Впереди стоял день, каких, судя по всему, будет много. Что делать, чем себя занять? На стене картонка: «Правила внутреннего распорядка следственного изолятора КГБ». Между стеной и картонкой вложен календарь за 1980 год. Числа до конца июля сплошь
Взобрался на окно. Верхние стекла не закрашены и через решетку вижу двор тюрьмы. Посредине странное строение, напоминающее барак без крыши, поверху часовой ходит. Напротив — окна современной пристройки: желтое двухэтажное здание соединяет крылья тюрьмы. Мне еще предстоит узнать, что это прогулочный двор и здание следственного отдела КГБ, а пока резкий стук в дверь сметает меня с окна. «Чтоб больше я вас на окне не видел!» — сурово выговаривает контролер. Спрашиваю у него книгу или газету. Оказывается, суббота — день не библиотечный и, следовательно, библиотекаря не будет. Что же делать, чем заняться? И лежал, и думал, и мерил комнату шагами: три полных шага до дверей, три назад, до кровати. Частые повороты при ходьбе кружат голову. А думать — о чем? О том, что сочтя меня преступником, они тем самым сами совершают преступление? А может, это бутафорский арест, чтобы вытянуть нужные показания на Олега? Поморочат и выпустят? Такое бывает. Но что гадать — чересчур много неизвестных. Надо знать их намерения, мысли было за что зацепиться, надо ждать следователя, а пока главное — не свихнуться от нечего делать. Прошу у контролера бумагу и карандаш. «Зачем?» «Кое-что записать». «Не положено. Бумага дается только для заявления». Для заявлений я еще не созрел, а соврать сразу не сообразил, потом каялся, хотел снова стучать, да неудобно — момент упущен. Не даст теперь. И ни строки, ни звука, ни слова: угнетающее молчание и бессмыслица. Хоть бы подселили кого или вызвали. Невтерпеж, совершенно некуда себя деть.

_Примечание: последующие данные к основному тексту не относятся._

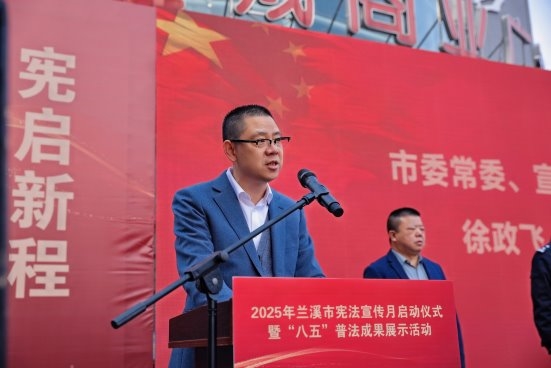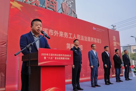 市委常委、宣传部部长徐政飞在讲话中要求,以“八五”普法规划收官、“九五”普法规划谋划为新起点,以《兰溪市外来务工人员法治素养基准》发布为抓手,推动普法工作提质增效,让尊法学法守法用法在全社会蔚然成风,合力开创法治兰溪建设新局面。

Вдруг короткая дробь в стенку. Соседушка, дорогой! Здесь я, здесь! Но как же мне ответить тебе, я не знаю тюремной азбуки. Поди истомился, легче, когда знаешь, что есть кто-то рядом. Надо хоть заявить о себе. Стукнул ложкой. В ответ пулеметом. Заливается, радешенек. Я трескотней наслаждаюсь — лучшая в мире музыка! Но что я ему отвечу? Стукнул два раза, мол, окей! слышу, но на большее, увы, не способен, «Что? — стукнуло с той стороны. «Да ничего, прощай!» — брякнул я ложкой. Тут кормушка откидывается, голос надзирателя: «Еще раз увижу — сразу в карцер!» Вовремя я объяснился с соседом. Будем знать, что живая душа за стеной, и того довольно. А сосед не унимается: точки-тире, стук и россыпи — требовательно зовет на беседу. И меня любопытство дерет: кто там сидит? за что? найду ли ключ к тюремной азбуке? Поглядывая на «глазок», ложусь на кровать и ложку в рукав. Как подступиться? Для начала точь-в-точь повторяю последнюю фразу соседа, чем, наверное, сильно его озадачил. «Что, что?» — две раздраженные точки в ответ. Да, галиматья получается. Может, свою азбуку предложить? Ну, просто — что известно мне и ему: какое сегодня число? Двадцать третье. Отбиваю через паузу две и три точки. Сосед что-то свое. Какой месяц? Восьмой. Отбиваю две, три и восемь точек: сегодня 23 августа. Если б он понял, у нас появился бы ключ для общения. Можно было бы узнать, кого из нас когда посадили, по какой статье, сколько нам лет — многое говорят цифры. Но на мой язык сосед реагировал так же бестолково, как я на его. Беседа глухонемых. Я брякнул в последний раз и перестал отвечать. В тот же момент тяжелый стук в другой стене. Значит, и там человек. С обеих сторон люди — значит, жизнь еще теплится, уже не так одиноко. Надо, чтоб и он это знал: щелкаю пальцам два раза. Откликается восторженной дробью. Строчат теперь справа и слева. Я то там стукну, то здесь: слышу ребята! И стены уже не разъединяют, а соединяют нас, все легче от близости сострадальца. И чувство вины оттого, что не могу толком ответить, не с соображу ключа. Люди рады соседу, но что мои бестолковые стуки — одно разочарование. Лучше б совсем не откликаться, не обнадеживать на беседу, а не ответить нельзя — не по-товарищески, словно в беде бросать. Но пора прекращать, дальше стучать бесполезно и рискованно. А они, как нарочно, тараторят взахлеб, рады выговориться.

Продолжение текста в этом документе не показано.